The result is intentionally descriptive. `Kind` tells you whether the candidate came from frontmatter, a Markdown code block, an XML-like tag, or raw text. `Format` records the guessed data format. The row and column fields let a tool point back to the original source.

## Narrow the extractor when the wrapper is known

Once a script knows the source shape, call a specific helper. This makes command behavior easier to explain and tests easier to read.

```js
const frontmatter = extract.frontmatter(markdownText);
const blocks = extract.markdownCodeBlocks(markdownText);
const tagged = extract.xmlTagged(modelResponse);
const raw = extract.rawStructured(possibleJsonOrYaml);
```

The XML helper is XML-like rather than a full XML parser. It recognizes simple same-name wrappers such as `<json>...</json>` and `<yaml>...</yaml>`, which are common in model responses and prompt protocols.

## Validate before parsing

Candidates are not trusted parsed values. Validate a candidate before handing its payload to `JSON.parse()` or to a YAML parser.

```js
const candidate = extract.all(input)[0];
const validation = extract.validate(candidate);

if (!validation.Valid) {
  throw new Error("candidate did not validate");
}

console.log(validation.Sanitized);
```

For JSON and YAML, validation delegates to the same repair semantics exposed by `require("sanitize")`. That means extraction and repair compose: first find the likely payload, then ask the format-specific sanitizer whether it can be made parseable.

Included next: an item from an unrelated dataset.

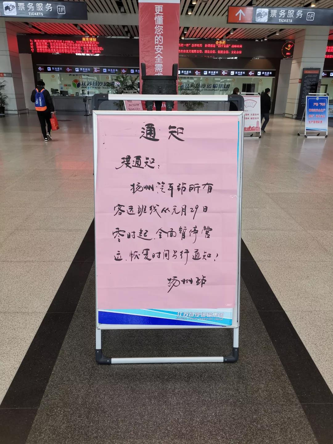為進一步配合我市做好新型冠狀病毒感染的肺炎疫情防控工作,遏制疫情通過交通渠道擴散傳播,揚汽集團根據揚州疫情防控工作需要,決定從2020年1月29日0時起,暫停揚州汽車站、揚州汽車東站及江都汽車客運站的運營,停發(fā)所有客車班線,暫停所有包車客運業(yè)務。

## Preserve positions in tools

A command-line tool can return only the payload text, but a review tool should preserve positions. `StartRow`, `StartColumn`, `PayloadStartRow`, and `PayloadStartColumn` are what make it possible to highlight the wrapper and explain the extraction result to a user.

```js
const rows = extract.all(input).map((candidate) => ({
  kind: candidate.Kind,
  format: candidate.Format,
  startsAt: `${candidate.StartRow}:${candidate.StartColumn}`,
  payloadStartsAt: `${candidate.PayloadStartRow}:${candidate.PayloadStartColumn}`,
}));
```

## Decide how to handle overlaps

`all()` currently keeps overlapping candidates. That is a feature of the evidence-first design. A document can have YAML frontmatter and also look like a raw YAML document; a Markdown code block can appear inside a larger wrapper. The module shows the evidence and leaves the policy to the caller.

Common policies are:

- Prefer wrapped candidates over raw whole-document candidates.
- Show every candidate to a human reviewer.
- Validate every candidate and keep the highest-confidence valid result.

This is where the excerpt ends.